----- Dataset section -----

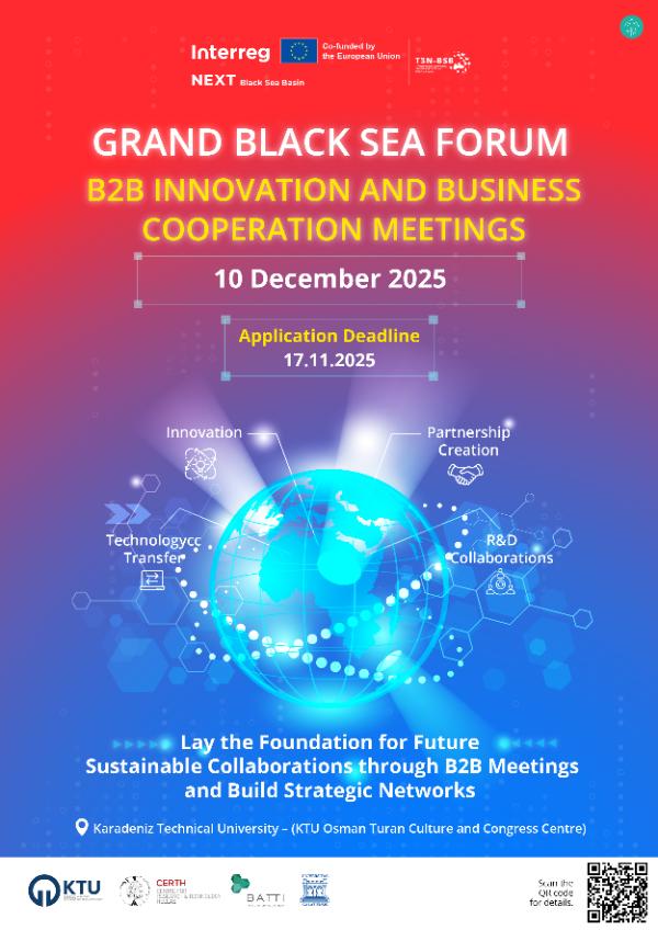 The T3N-BSB Project is a transnational cooperation initiative implemented under the “Interreg VI-B NEXT Black Sea Basin” Programme, part of the European Union’s Cohesion Policy. The project, carried out in partnership with Türkiye, Bulgaria, Greece, and Romania, aims to establish sustainable transnational networks in the Black Sea Basin and to enhance the research, innovation, and advanced technology adoption capacities of the participating countries.
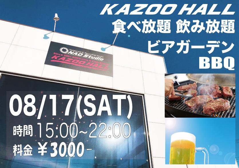 KAZOO HALL presents真夏のビアガーデン祭り!OPEN 15:00 / START 15:00 adv ¥3000-(飲み食べ放題) / day ¥3000-(飲み食べ放題) [出演] |
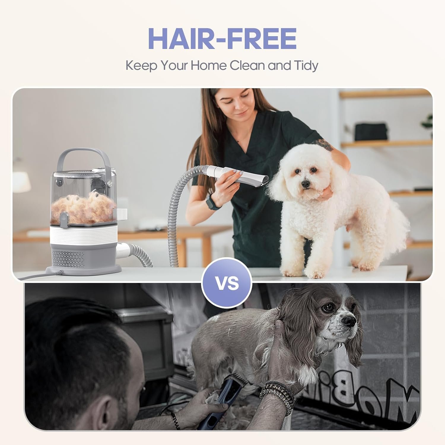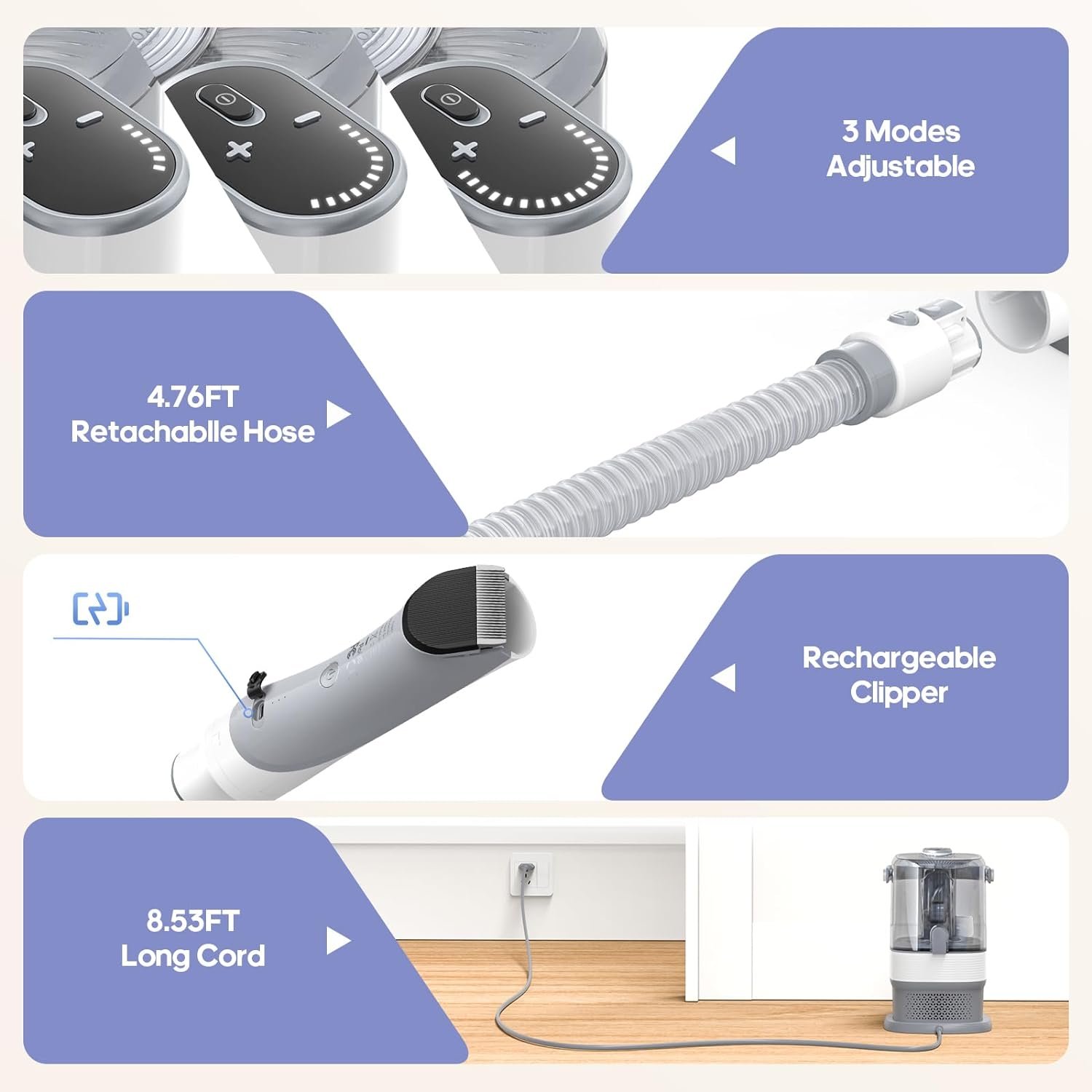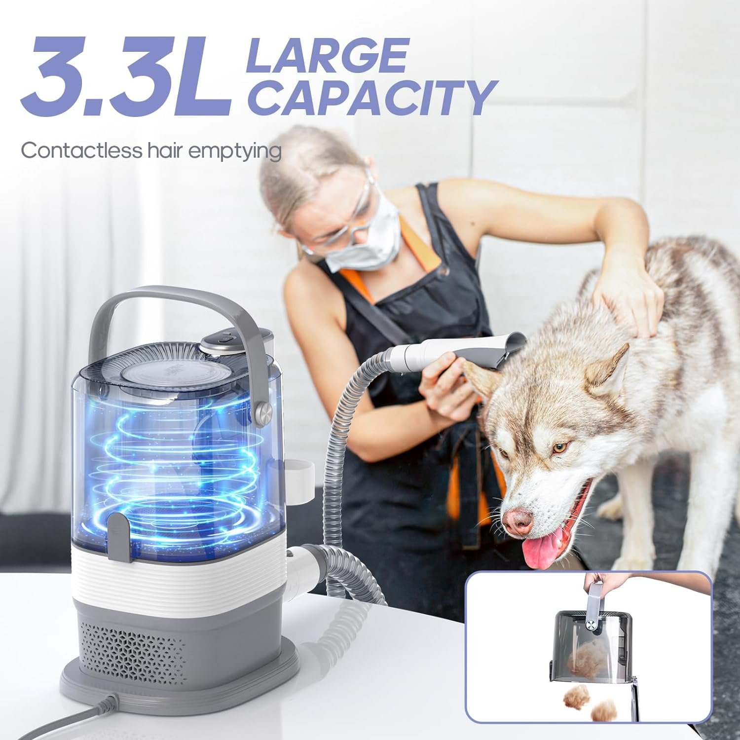 【3.3L Super Large Dust Cut】 Our upgraded pet grooming vacuum for dogs features a 3.3 L detachable dust cup, the largest dust cup on the market. Collect more pet hair without the need for frequent emptying. Reduce cleaning frequency and save time!

-----

=== Description of the task ===
For this exercise, transcribe exactly only the lines from the one containing "KAZOO HALL presents真夏のビアガーデン祭り!OPEN" through the end of the listing, inclusive, without the pictures.

=== Your response ===
 KAZOO HALL presents真夏のビアガーデン祭り!OPEN 15:00 / START 15:00 adv ¥3000-(飲み食べ放題) / day ¥3000-(飲み食べ放題) [出演] |
 【3.3L Super Large Dust Cut】 Our upgraded pet grooming vacuum for dogs features a 3.3 L detachable dust cup, the largest dust cup on the market. Collect more pet hair without the need for frequent emptying. Reduce cleaning frequency and save time!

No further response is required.